Кровь бросилась в лицо. Он почувствовал, как горят его щеки. Ответил сдержанно, с подчеркнутым достоинством:
— Олекса может читать что под руку подвернется, ему — лишь бы время убить. А мне надо по программе. Договорился летом сдавать экстерном за девятый, — и подал Настеньке список литературы.
Однако и новость, что он, Михайло, готовится сдавать экстерном за девятый класс, новость, которой он, собственно, и надеялся потрясти Настеньку, не произвела на нее никакого впечатления. Казалось, девушка просто пропустила ее мимо ушей и тут же принялась отмечать названия книг в Михайловом списке, приговаривая:
— Эта — есть, этой — нет, и этой, и этой тоже…
В дальнейшем Михайло старался заходить в библиотеку, когда там были посетители. Иногда посылал за книгами Олесю. Но сердце его никак не хотело расставаться с Настенькой. Всюду она виделась ему, слышался ее голос.
Сидит, бывало, дома за столом и вдруг бросит взгляд в окно, а по улице идет Настенька; или выйдет с учениками на школьный двор, а Настенька как раз площадь переходит — у Михайла так руки и опустятся. «Ах, Настенька, Настенька! Твоя черная измена будет вечной моей мукой!»
Но время, которое, как известно, вылечивает и тяжелейшие раны, вылечило и Михайлово сердце, и уже весной в нем снова запели жаворонки.

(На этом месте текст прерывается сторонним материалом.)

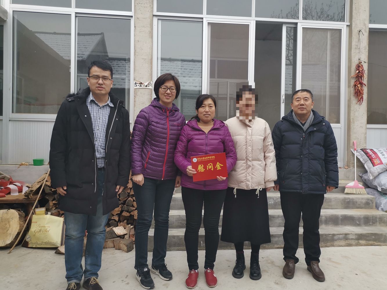 1月11日上午,今年会官网正式启动了2020年辅导员家访工作。学校党委张硕秋副书记一行11人赴邹平市青阳镇看望慰问了今年会官网家庭经济困难学生小欣。学校党委学生工作部(处)部(处)长贾海宁、副部(处)长刘芝、计划财务处副处长王秀清,今年会jinnian官网党委书记侯启海,今年会jinnian官网党委副书记、副院长张沂红一同参加。小欣家位于邹平市青阳镇代家庄村,小时候因为车祸她失去了父母,现在和弟弟一起跟年近八十的爷爷奶奶生活,虽然有政府的救济和亲戚们的帮助,家庭经济状况十分困难。三间简陋的房屋,就是他们4口人生活的地方。家访队伍的到来使这个平凡的农家小院顿时热闹了起来,小欣爷爷奶奶热情地招呼张书记和其他老师在屋里坐下,老师们与小欣爷爷奶奶亲切地攀谈起来。张硕秋副书记十分关心小欣一家的生活情况,详细询问了两位老人的身体状况和过年准备的情况,并劝慰老人一定要对未来生活充满信心。当得知小欣弟弟学校和小欣一样刻苦时,张硕秋副书记非常开心,鼓励小欣弟弟一定要更加努力学习,长大后要有大出息。张硕秋副书记特别关心小欣未来发展规划,“结合你的专业所学和个人兴趣,可以选择继续学习,也可以选择做老师,但是一定要努力”,张硕秋副书记殷殷嘱托的话语感动了小欣一家。面对生活的不幸和磨难,小欣开朗乐观的生活态度感染了大家,当得知小欣在校期间不仅学习努力,还积极参加学校活动时,老师们感觉非常的欣慰。
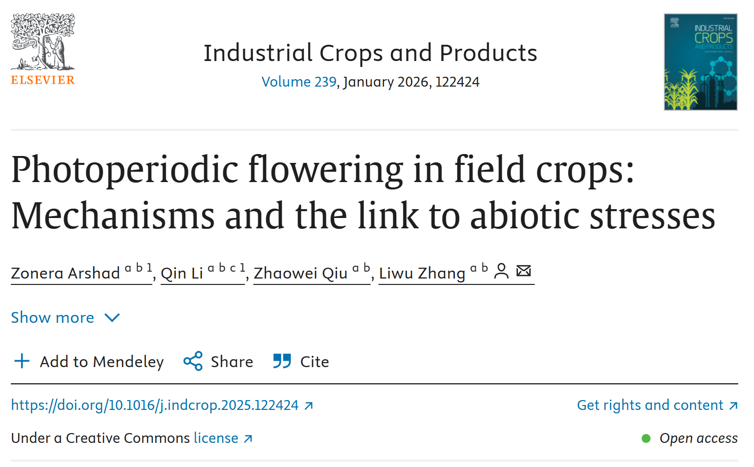 2025年12月09日, 新葡的京集团350vip8888官网张立武教授团队在国际期刊《工业作物与产品》(Industrial Crops &Products)在线发表了题为“大田作物光周期调控开花:机制与非生物胁迫的关联(Photoperiodic flowering in field crops:Mechanisms and the link to abiotic stresses)”综述论文,系统解析了作物光周期开花机制与逆境响应的内在联系。
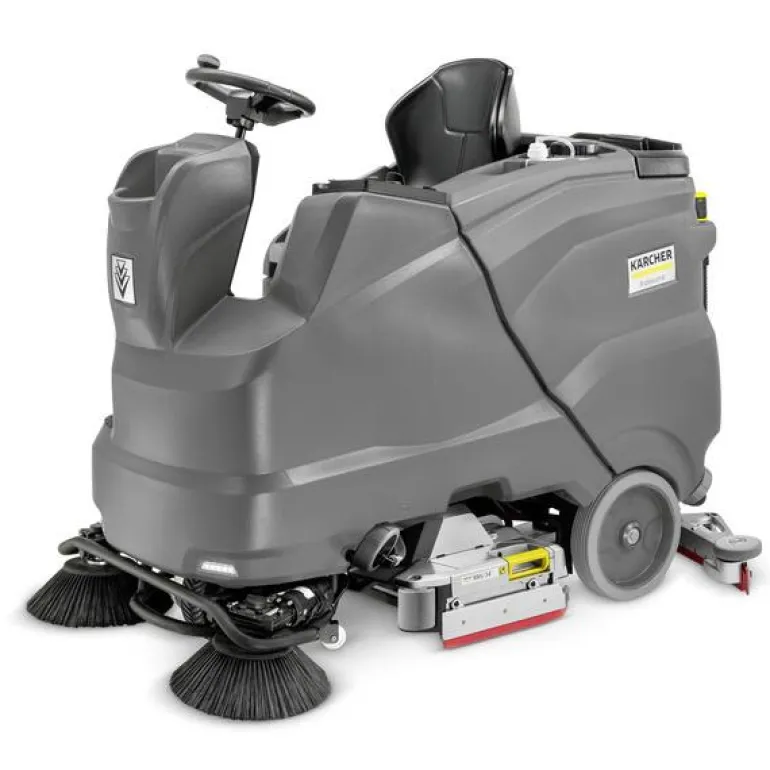 Kärcher B 150 R on yhdistelmäkone, jonka suuri työleveys mahdollistaa suurten pinta-alojen puhdistamisen turvallisesti ja tehokkaasti. Telaharjoilla toimiva R85-pesupää (työleveys 85 cm).
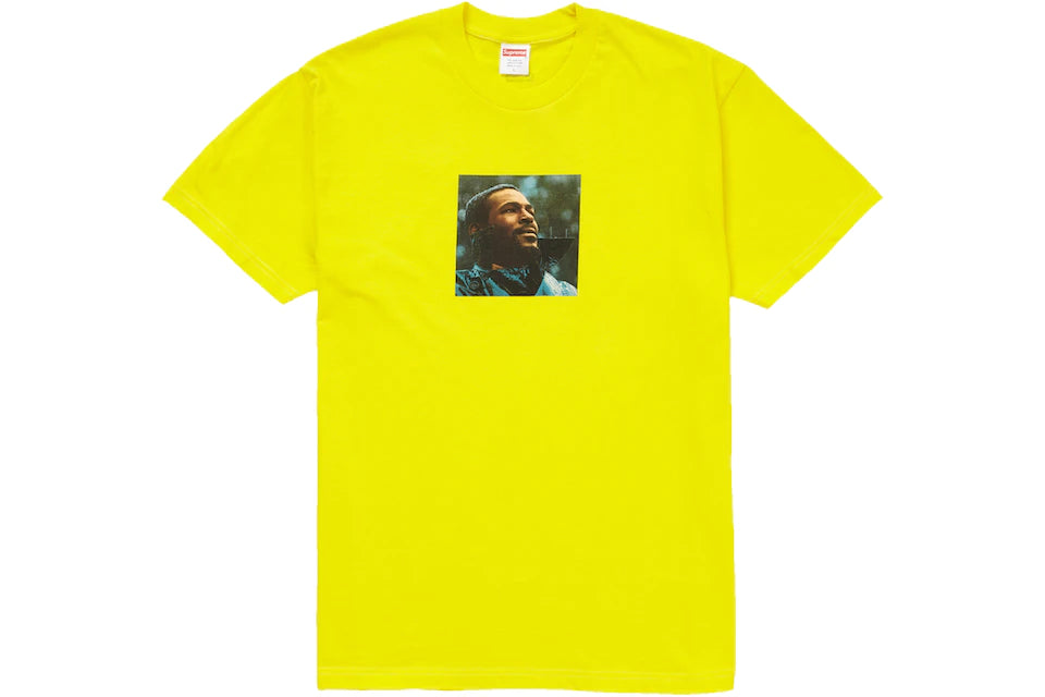 Description : "Woah, mercy mercy me." In week 17 of their FW18 drop schedule, Supreme paid homage to The Prince Of Soul himself, Marvin Gaye. The drop contained this Marvin Gaye Tee featuring imagery similar to what can be found on Marvin Gaye’s classic album "What’s Going On". The tee released on December 13th, 2018. Skip the mountains, valleys, and rivers and place a bid or buy now to get to your tee ASAP.
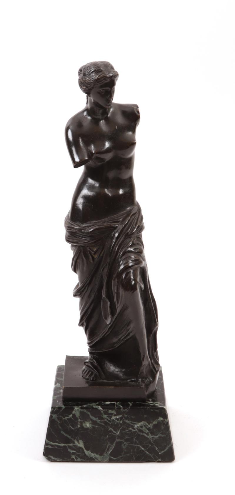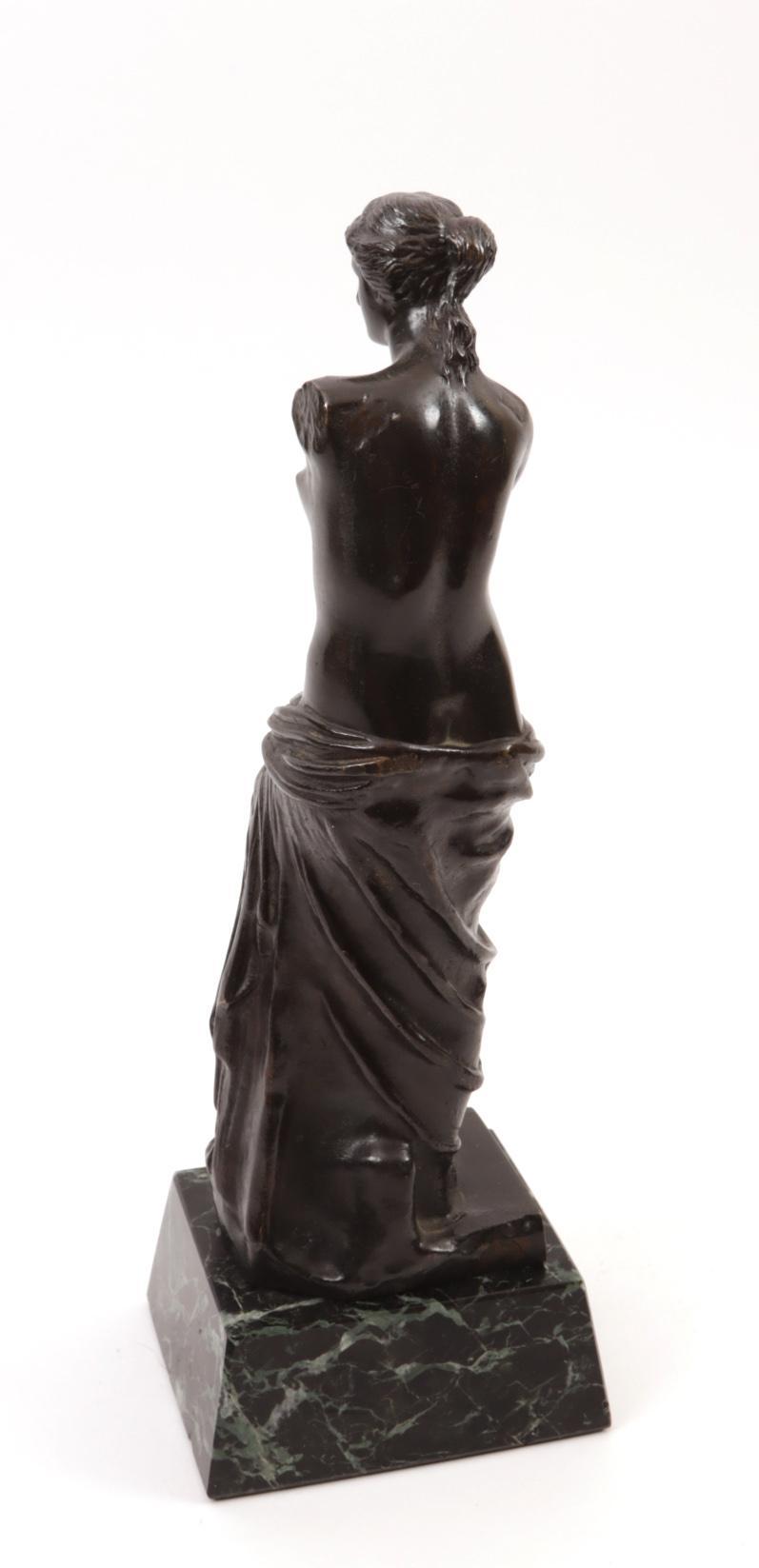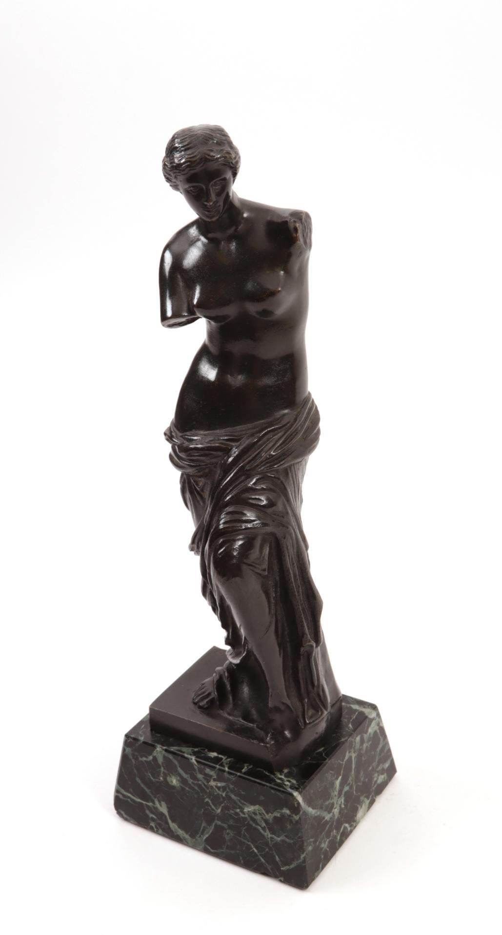 Bronzen sculptuur van de 'Venus de Milo' op groen marmeren voetstuk, gemerkt op achterzijde Ernst Kraas, h.30 cm.
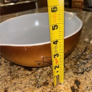 Charming Pyrex bowl with a brown harvest pattern. Ideal for mixing and serving.
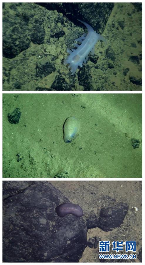 6月5日, “蛟龙”号载人潜水器在雅浦海沟海底拍摄的3种海参(拼版照片)。
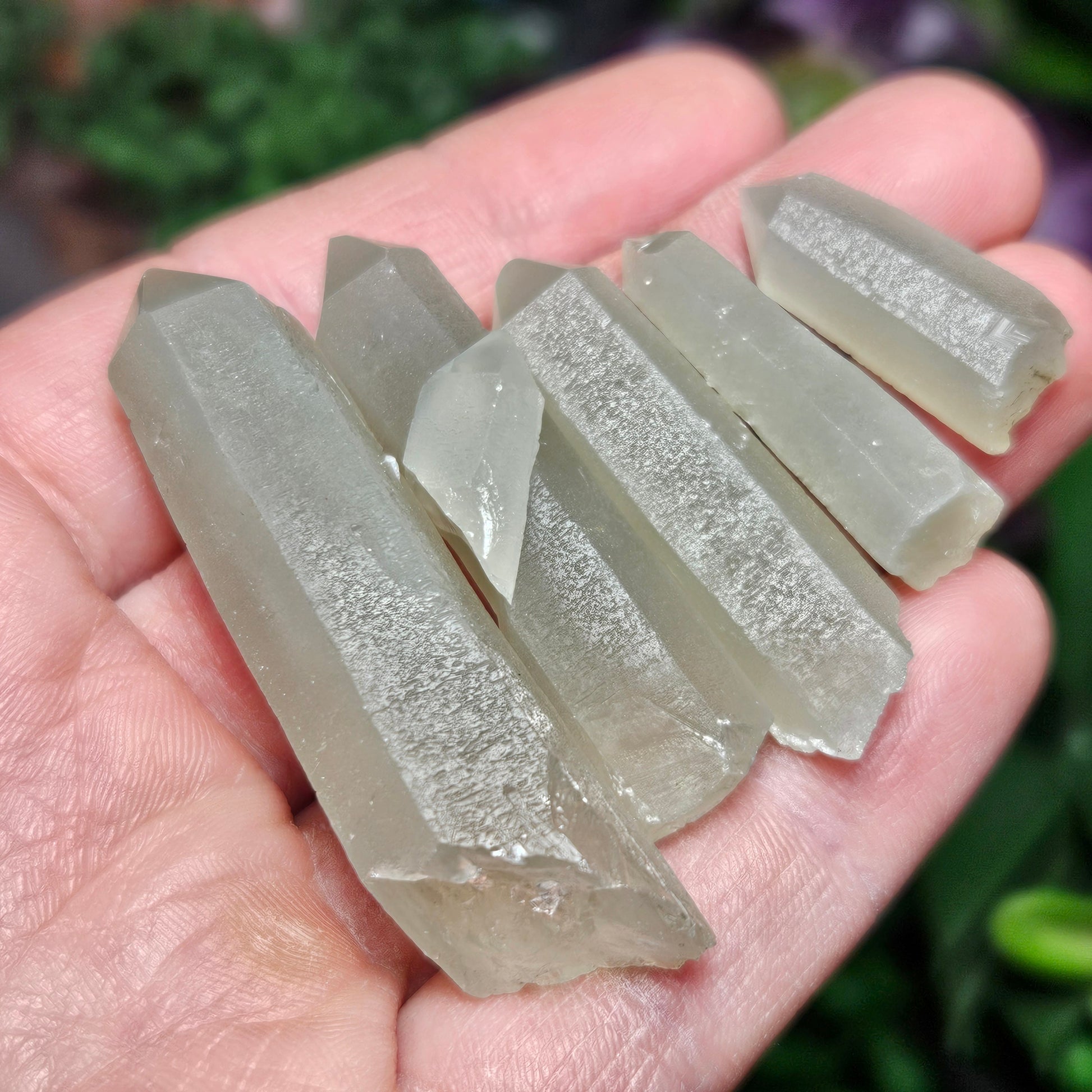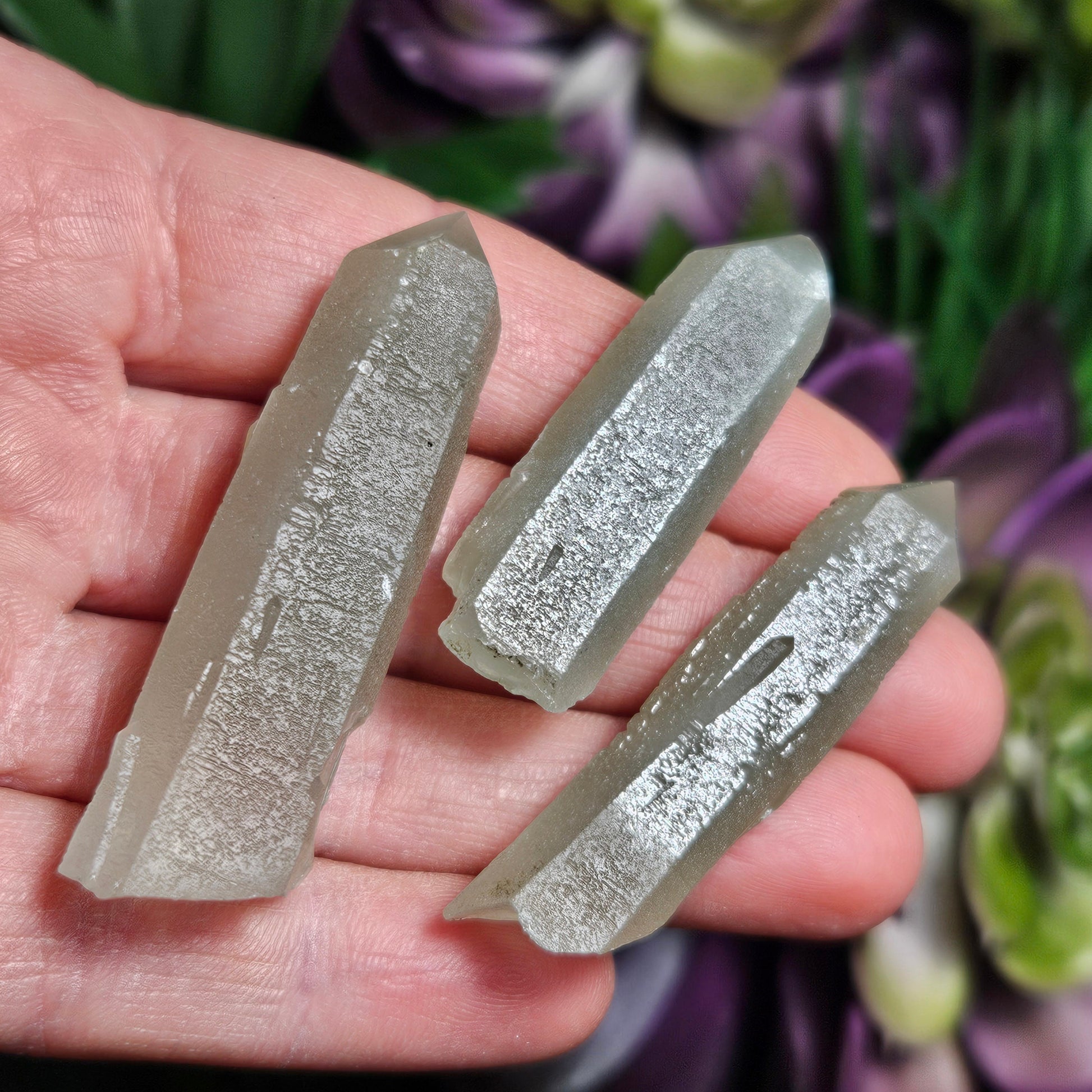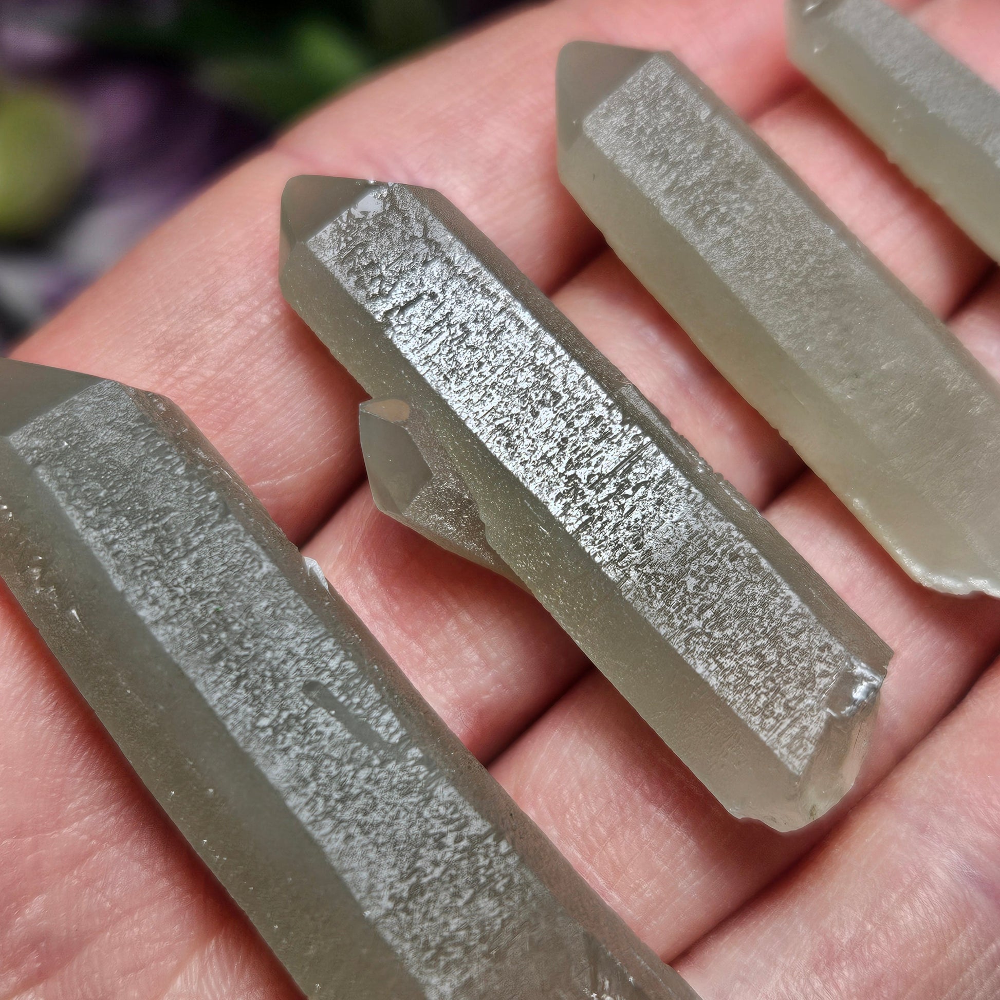 I acquired everything I could from a newer (late 2023) find of Hedenbergite included Quartz Crystals from the famous Huanggang mines in Inner Mongolia. The Quartz from this location have become my absolute favorite in the world. These special pieces from last years small find have crystallized under conditions that gave them a shimmering chatoyance within their etchings that I have rarely seen in Quartz. They're etchings are etched! There is a muted sage green coloring from the Hedenbergite threadlike inclusions and a highly chatoyant sheen of miniscule etched Trigonic facets on each unique specimen.
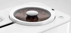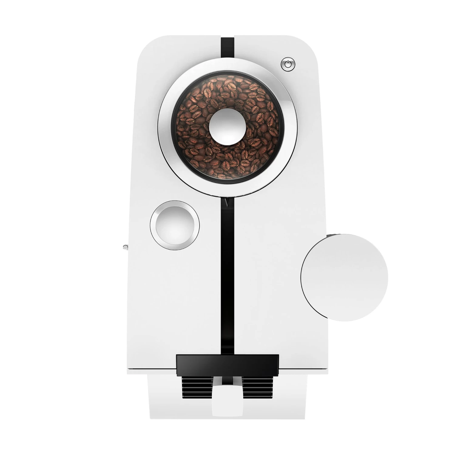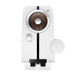 Available in either Full Metropolitan Black, this machine is unbelievably chic and minimalist. The entire front face is flat, except for the brew spouts and chrome-colored drip tray. Even the 37oz water tank is fashionable: a tall cylinder on the side of the machine with a diamond-like pattern. The machine’s hopper holds 4.4 ounces of coffee, while keeping the machine’s height just above a foot tall.
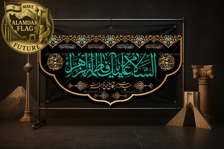 تولید انواع کتیبه و پرچم ایام فاطمیه | کد 2059 | چاپ روی پارچه مخمل و ساتن | شرکت علمدار
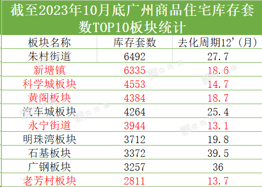 例如新塘板块、科学城板块、黄阁板块、永宁板块、以及老芳村板块,它们去化周期之所以低于全市平均水平,共同原因之一就是它们都是所在区域成交相对活跃的板块,流速快,去化周期自然低于全市平均水平。
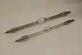 Lampes HMI de 12 kW et 18 kW de trois fabricants différents (de bas en haut, Osram, Philips, General Electric.
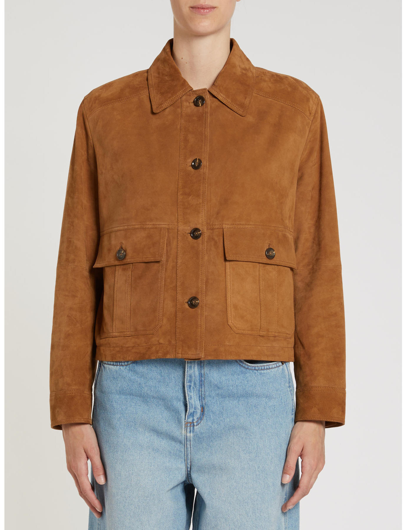 Leather with a buffed finish. Shirt collar and cuffs. Patch pockets with flaps. Button closures. Lined.
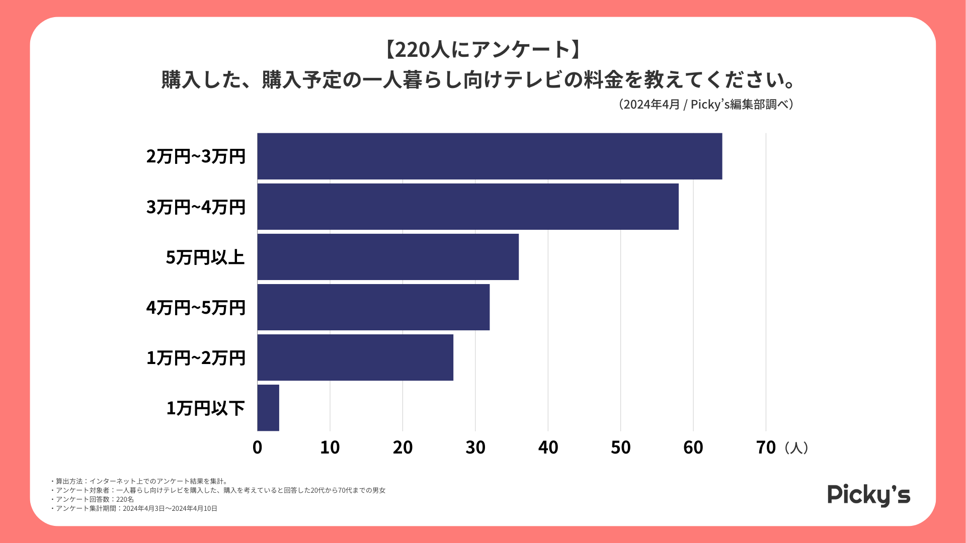 全体の約半数の方が2~4万円の一人暮らし向けテレビを選んでいることが分かります。

Все чаще и чаще стала попадаться ему на глаза Катеринка. Он вспомнил, как в прошлую осень, в один из хмурых дней, решил пойти на пруд, чтобы хоть немного развеяться. Долго сидел там на рыбацком шатком мостике, вдававшемся в воду, и думал о чем-то. День был ветреный, по обеим сторонам мостка шелестел пожелтевший камыш. Было безлюдно. И вдруг кто-то кашлянул на берегу. Михайло быстро оглянулся и увидел Катеринку. Она сидела на берегу в синем платьице и, опершись подбородком о колени, широко раскрытыми глазами с тревогой смотрела на него.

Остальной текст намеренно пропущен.